I was trying to discuss and show a ‘more pythonic’ way of performing an action. You yourself have told me that exact quote before. Here are the examples of you arguing and trying to win an argument:
I understand what you mean, but I personally wouldn’t use that method. It looks verbose and in my eyes, 89.5 is never greater than 90. Especially with hardware. When you round, you use a tolerance line of ‘0.5’ thickness instead of a tolerance band that has zero thickness.
I’m done discussing this at this point because it’s clearly personal.
yup your statement are wrong. thats not trying to win anything, but just a fact.
if you say that roundup isnt pythonic, then i ask why ist a default python function?
sorry but i am not going into the discussion between what is better, truncate or round.
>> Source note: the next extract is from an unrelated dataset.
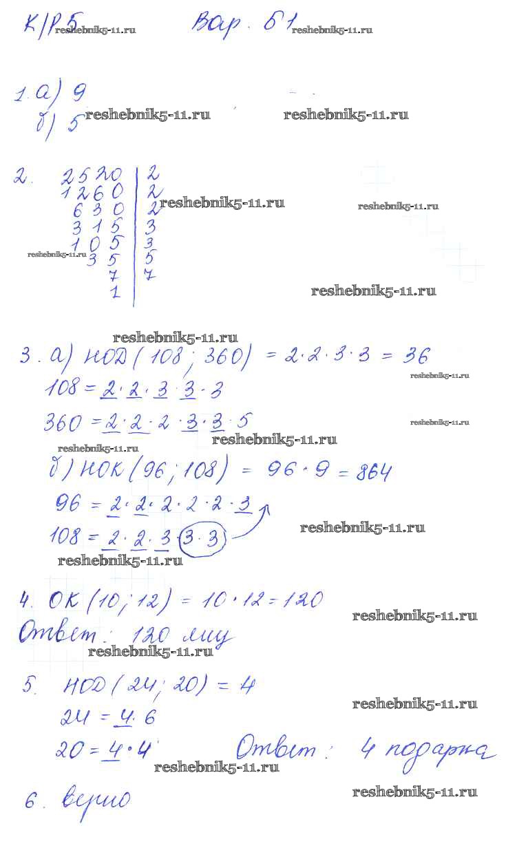 Готовая домашняя работа с ответами по Математике за 5 класс Ерина Контрольные работы УМК Экзамен 2020 ФГОС - КР-5. Варианты 3

89.55 is never greater then 90 but in my eyes its better to say 89.55 is equal to 90 then to say its equal to 89
so we have clearly a different viewpoint and thats no problem.
but still i stick with the fact that its not true when you say something is redundant, when the outcome is different.
don’t know when to quit eh?
its hard isnt it to leave someone else with the last words
and also it seems to me that you have a hard time to say:
“hey, you where right your formula has a different result. i wouldnt chose to go for that result, but i didnt say that.”
but no hard feelings, from the moment you used the word “pythonic” tou already stated that python isnt just a language but a religion to you. and i am not a religous person
you may have the last reply now if you want
I literally didn’t address you. I was talking to the original poster and you took offense and started this whole bs…
Just backtrack to my first comment. I never once said you are wrong or disagreed with your method. I simply stated that
int(round(int(x)/y))
is redundant and explained why, not realizing a change occurred after python 2.5.